### DATA SHOWN
· · ·

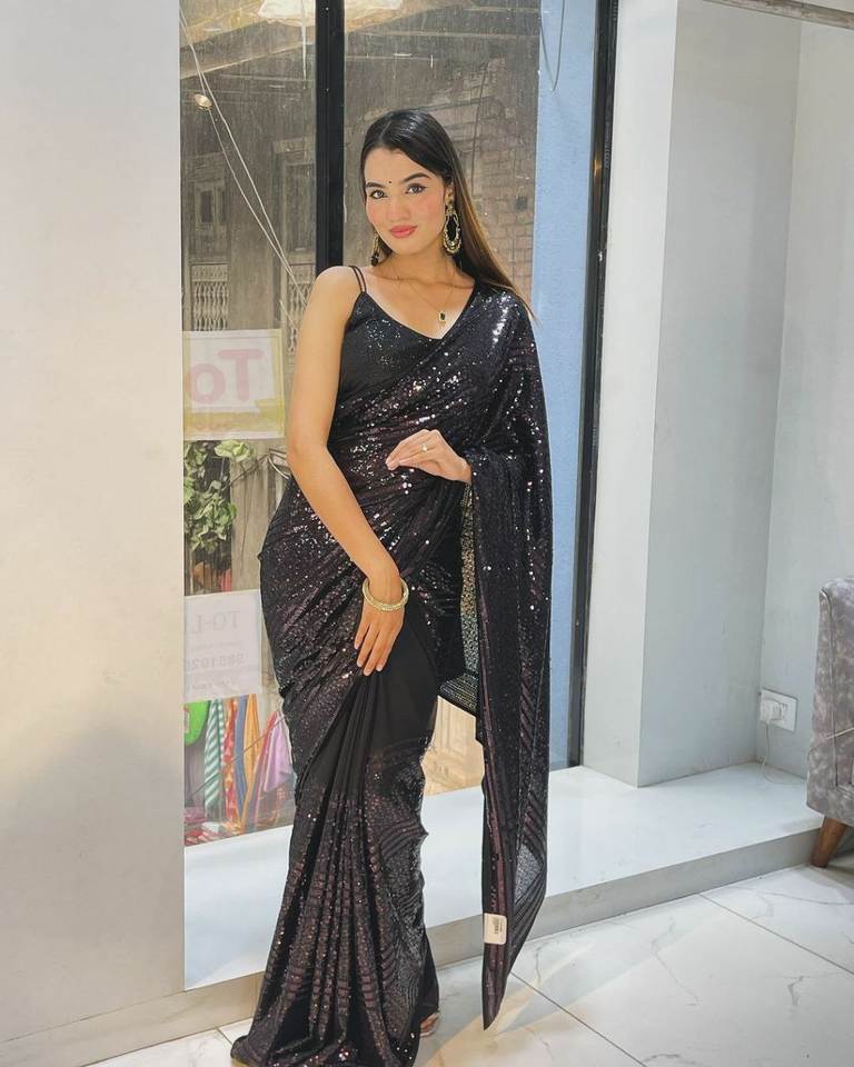 บอลลีวู้ดสไตล์บล็อกบัสเตอร์สีดำส่าหรีปาร์ตี้และฟังก์ชั่นพิเศษงานปักผ้าจอร์เจียออนไลน์ช้อปปิ้ง surat ทำจากผ้าไหม
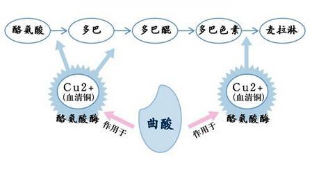 大量的医学研究和临床实验已经证实,酪氨酸酶(TYR)是黑色素合成的关键酶,它的活性与否将直接影响到黑色素的合成,而白癜风的主要表现就是黑色素细胞合成黑色素能力的降低,甚至是完全失去该功能。当体内酪氨酸酶活性降低,阻止了黑色素的合成代谢,就会产生皮肤局部色素脱失而形成白癜风。
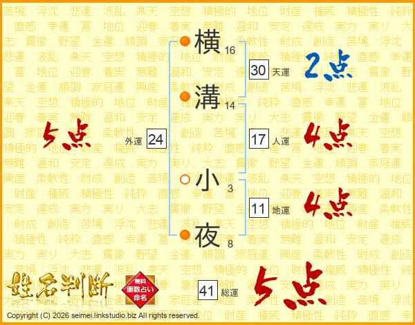 横溝小夜さんの総運は41画の5点!
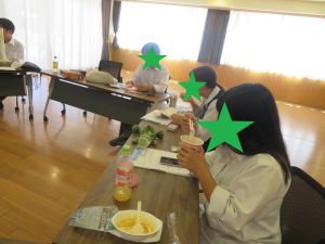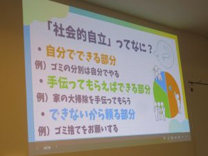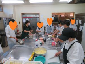 2日目は善行市民センターで、施設退所後に必要な手続きや行政との関わりについての話を聞きました。その後は「簡単1人暮らしメニュー」をテーマに、スーパーで各自が買い物をし、園の厨房で調理。意外にも手際よく、手軽ながらも工夫された料理が並びました。

· · ·

### TASK DIRECTIONS
Could you please return each line of the material exactly, dropping the pictures?

### SOLUTION TO THIS EXERCISE
 บอลลีวู้ดสไตล์บล็อกบัสเตอร์สีดำส่าหรีปาร์ตี้และฟังก์ชั่นพิเศษงานปักผ้าจอร์เจียออนไลน์ช้อปปิ้ง surat ทำจากผ้าไหม
 大量的医学研究和临床实验已经证实,酪氨酸酶(TYR)是黑色素合成的关键酶,它的活性与否将直接影响到黑色素的合成,而白癜风的主要表现就是黑色素细胞合成黑色素能力的降低,甚至是完全失去该功能。当体内酪氨酸酶活性降低,阻止了黑色素的合成代谢,就会产生皮肤局部色素脱失而形成白癜风。
 横溝小夜さんの総運は41画の5点!
 2日目は善行市民センターで、施設退所後に必要な手続きや行政との関わりについての話を聞きました。その後は「簡単1人暮らしメニュー」をテーマに、スーパーで各自が買い物をし、園の厨房で調理。意外にも手際よく、手軽ながらも工夫された料理が並びました。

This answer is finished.